Input data:

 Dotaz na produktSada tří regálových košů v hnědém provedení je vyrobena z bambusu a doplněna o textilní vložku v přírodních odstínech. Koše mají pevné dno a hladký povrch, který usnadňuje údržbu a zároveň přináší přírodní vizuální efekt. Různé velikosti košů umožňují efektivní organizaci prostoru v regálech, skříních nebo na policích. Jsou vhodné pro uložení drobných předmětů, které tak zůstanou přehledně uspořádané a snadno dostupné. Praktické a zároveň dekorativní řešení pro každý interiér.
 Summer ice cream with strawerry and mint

---

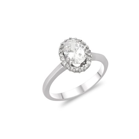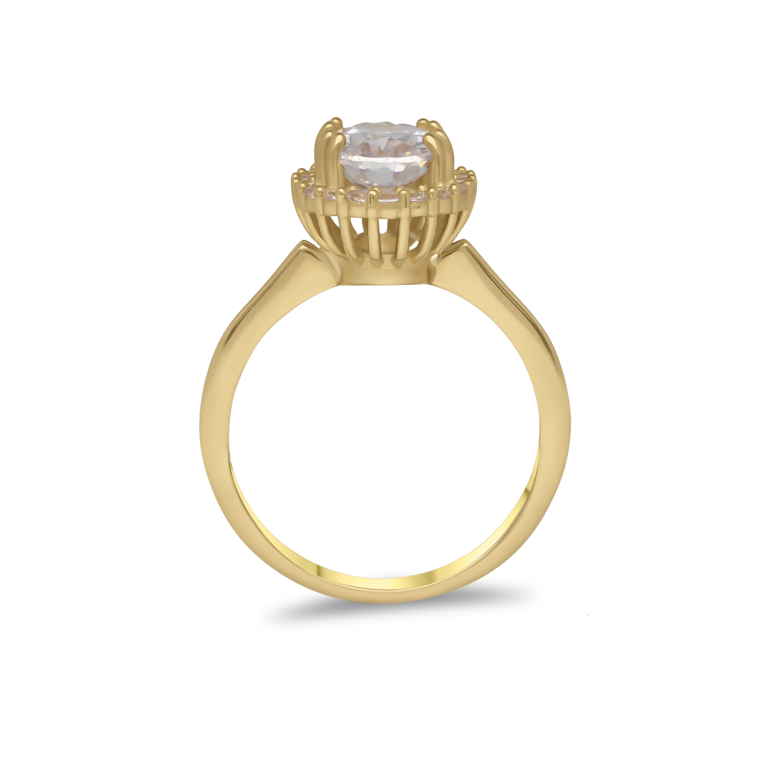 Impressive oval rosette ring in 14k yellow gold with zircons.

Task description: Write down, word for word, the lines above from the one containing "Dotaz na produktSada" through the one containing "Summer ice cream with strawerry and mint", both ends included.

Exercise output:
 Dotaz na produktSada tří regálových košů v hnědém provedení je vyrobena z bambusu a doplněna o textilní vložku v přírodních odstínech. Koše mají pevné dno a hladký povrch, který usnadňuje údržbu a zároveň přináší přírodní vizuální efekt. Různé velikosti košů umožňují efektivní organizaci prostoru v regálech, skříních nebo na policích. Jsou vhodné pro uložení drobných předmětů, které tak zůstanou přehledně uspořádané a snadno dostupné. Praktické a zároveň dekorativní řešení pro každý interiér.
 Summer ice cream with strawerry and mint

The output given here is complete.